Resource Spotlight: Community Outreach and Engagement

May 11, 2020

By Mary Beth Terry, PhD, and Kimberly Burke

The Community Outreach and Engagement Office (COE) at the Herbert Irving Comprehensive Cancer Center (HICCC) brings together a team of experienced researchers, clinicians and community health educators.

Our team works to understand the needs of the communities and patients served by the HICCC and remove access barriers to cancer prevention, screening, treatment and survivorship services.  Our mission is to reduce the burden of cancer and cancer disparities, specifically in the center’s catchment area by 1) monitoring the cancer burden in our catchment area 2) conducting outreach to ensure communities have access to evidence-based prevention and treatment services 3) facilitating community based research approaches and 4) engaging communities to support and implement community educational research and policy initiatives.

Focusing on the five New York City boroughs, Westchester and Rockland Counties in New York, and Bergen County in New Jersey, the cancer center’s catchment area, a richly diverse population across race, ethnicity, and socioeconomic status. The greatest cancer disparities include higher incidence rates of breast, prostate and liver in most of the catchment area and higher mortality rates of breast, prostate, and liver in the Bronx, Central Harlem, and Washington Heights and Inwood. We are working with HICCC leadership, investigators and community partners to develop research and outreach projects to address these disparities.

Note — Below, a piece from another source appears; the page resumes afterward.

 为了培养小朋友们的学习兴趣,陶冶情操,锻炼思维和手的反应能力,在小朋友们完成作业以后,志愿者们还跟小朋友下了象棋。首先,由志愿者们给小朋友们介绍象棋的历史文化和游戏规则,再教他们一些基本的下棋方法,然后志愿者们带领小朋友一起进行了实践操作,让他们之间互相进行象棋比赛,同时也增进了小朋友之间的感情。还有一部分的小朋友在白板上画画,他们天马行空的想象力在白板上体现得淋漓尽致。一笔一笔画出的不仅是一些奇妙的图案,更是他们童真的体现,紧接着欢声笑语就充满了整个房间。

Working with community partners and stakeholders, our office develops community- and family-based outreach and research specifically to accelerate cancer prevention within the diverse communities HICCC serves. Some of our key programs focus on tobacco cessation, promoting HPV vaccination, and educating community members about lifestyle changes and increasing physical activity. During the last five years, COE programming, in partnership with Manhattan Screening Services, has connected thousands of individuals to cancer screening services.

We also conduct and support community-based research. Over the last five years, COE has enrolled over 8,200 individuals in the catchment area into 31 separate studies, and facilitated minority enrollment into clinical trials, a key health disparity that persists today. As a team of multilingual and multicultural staff with over 20 years of experience, we provide a number of services that support community-based research.

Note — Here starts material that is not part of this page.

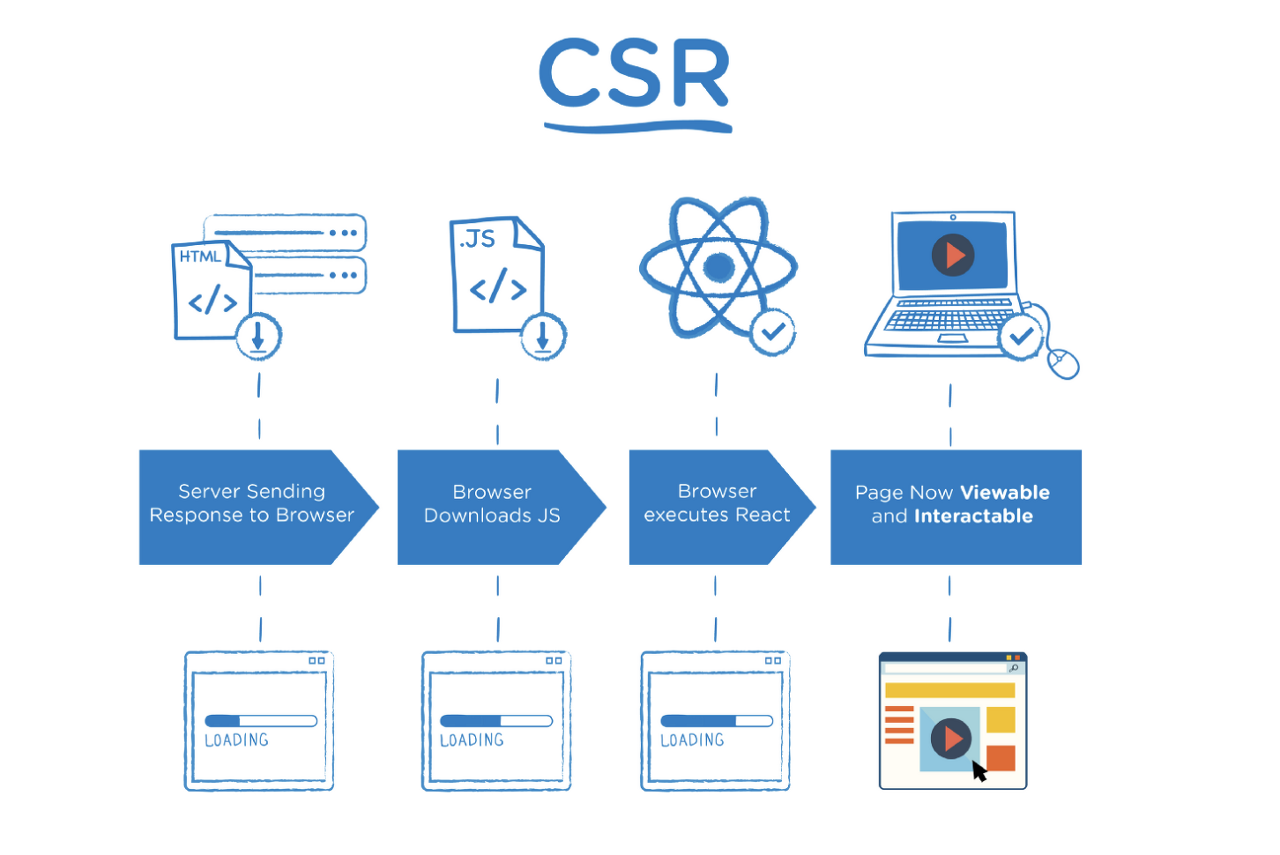 - CSR은 위의 프로세스를 모두 끝마친 후에, 가상돔을 브라우저 돔으로 옮겨야 비로소 페이지를 볼 수 있다.

Our team can help with study design for community-based research and recruitment and retention, particularly with engaging members of our community and/or minority groups. We also work with researchers to develop culturally appropriate study materials and translate existing materials into the languages of our community members. One of our faculty, Rachel Shelton, provides additional training in implementation science, methods that promote adopting evidence-based programs, practices, guidelines, and interventions into healthcare and public health practices.

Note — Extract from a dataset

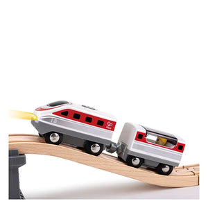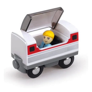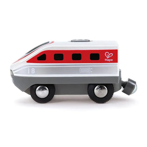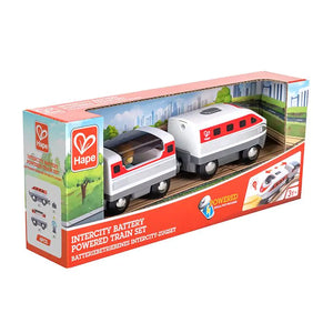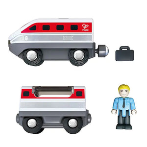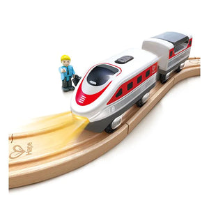 Deze mooie intercity trein van Hape bestaat uit een locomotief en wagon met passagier. De trein heeft verlichting aan de voorkant. Breng jij de passagier met zijn bagage veilig maar zijn eindbestemming?

The COE is working with community partners and investigators to plan webinars for community members to learn about research that is most relevant to them. Additionally, the COE is working with the five other NCI designated cancer centers in NYC to host NYC No Tobacco Week (May 29th – June 5th), a week long effort throughout New York City to prevent smoking and to encourage people to access the resources they need to quit smoking. As part of this event, COE will be launching a series of short videos in multiple languages and webinars through social media and on the event website. More information to follow.